Sunday 26 January 2020

Party poopers wag their fingers sadly at the plebs

Several pieces in the Observer today to whinge against anyone thinking of celebrating Jan 31st too boisterously

First up M Heseltine who is afraid there will be triumphalism
Lord Heseltine has accused Boris Johnson of trying to “rub the noses of Remainers in their defeat”
Triumphalism includes:
3m special 50p coins bearing the words “Peace, prosperity and friendship with all nations” will enter shops, banks and restaurants from Friday with a further 7m coming into circulation by the end of the year. Union Jack flags will also line Parliament Square and the Mall on Friday and the public will see government buildings in Whitehall lit up in red, white and blue.
Seems pretty routine and a little tacky rather than swaggering and boorish,but
'politicians who fought to remain in the EU said the events were deeply inappropriate.' Well they would wouldn't they?
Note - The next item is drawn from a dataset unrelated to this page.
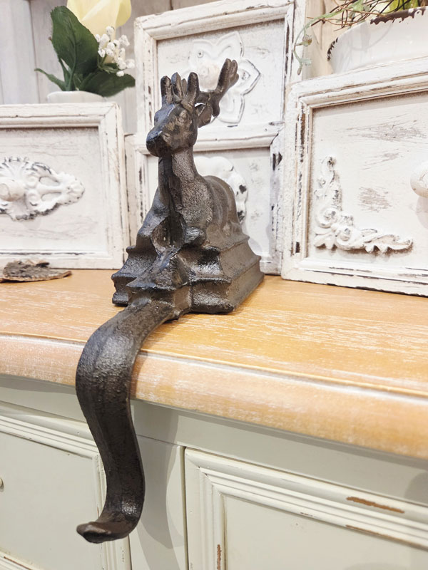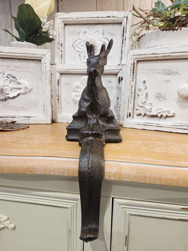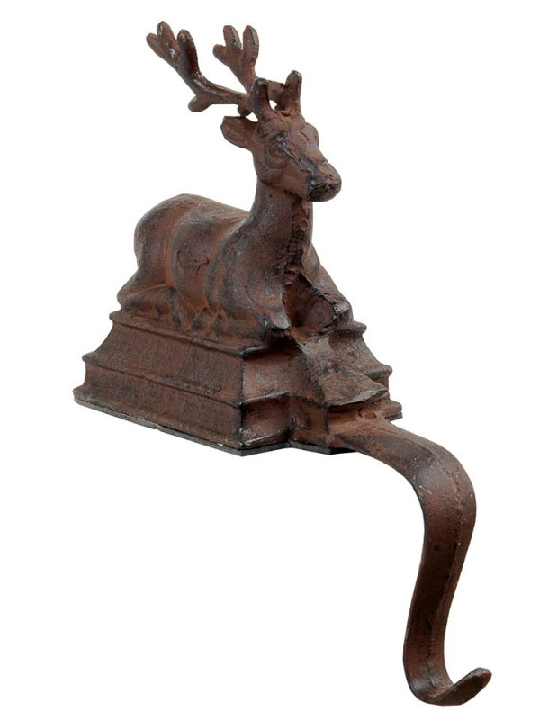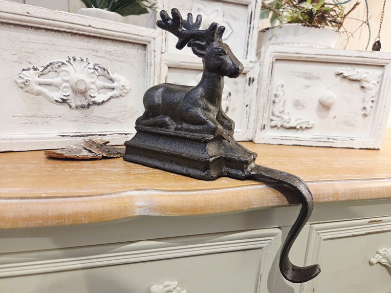 Mache deinen Kamin oder deine Fensterbank zum festlichen Highlight – mit diesem charmanten Nikolausstrumpfhalter aus Gusseisen mit Hirschfigur.

What does the majority think?

Next the unsinkable W Keegan at an agreeable conference in Venice
The UK faces economic upheaval on a vast scale if it is not, after all, to pursue ‘Brexit in name only'
Last year [his fellow attendees told him], the hope was that this country would have second thoughts and recognise how much it stood to lose by honouring a referendum result that principally reflected dissatisfaction with many things other than the EU.
The government’s own internal studies and analysis point to a severe threat from abandoning the single market, which was one of the key attractions for foreign companies, not least the Japanese, to invest in those parts of the Midlands and northern England where “getting Brexit done” has proved such a compelling slogan. (By the way, there is nothing new about working-class people voting Conservative!)
Already a study by Bloomberg finds that the cost to the economy of the very approach to Brexit taken over the past three years has equalled the entire accumulated cost of our contributions to the Brussels budget [what since 1975?] – contributions that often flowed back to us via funds from the European Investment Bank [sic!]
Good old F O'Toole next. It's very witty in that aristo Irish way:
For the great problem of Brexit is that it is a populist project without a people, a nationalist project without a nation....Britain is not and never has been a nation state. For most of its history as a state, it has been at the heart not of a national polity, but of a vast multinational and polyglot empire. And the UK is itself a four-nation amalgam of England, Scotland, Wales and Northern Ireland....the parts of the UK that have actually “taken back control” into their own local democratic institutions reject Brexit; while the parts that support Brexit have no such institutions. The Scottish parliament, the Welsh Senedd and the Northern Ireland assembly have all voted overwhelmingly in recent weeks to reject the withdrawal agreement.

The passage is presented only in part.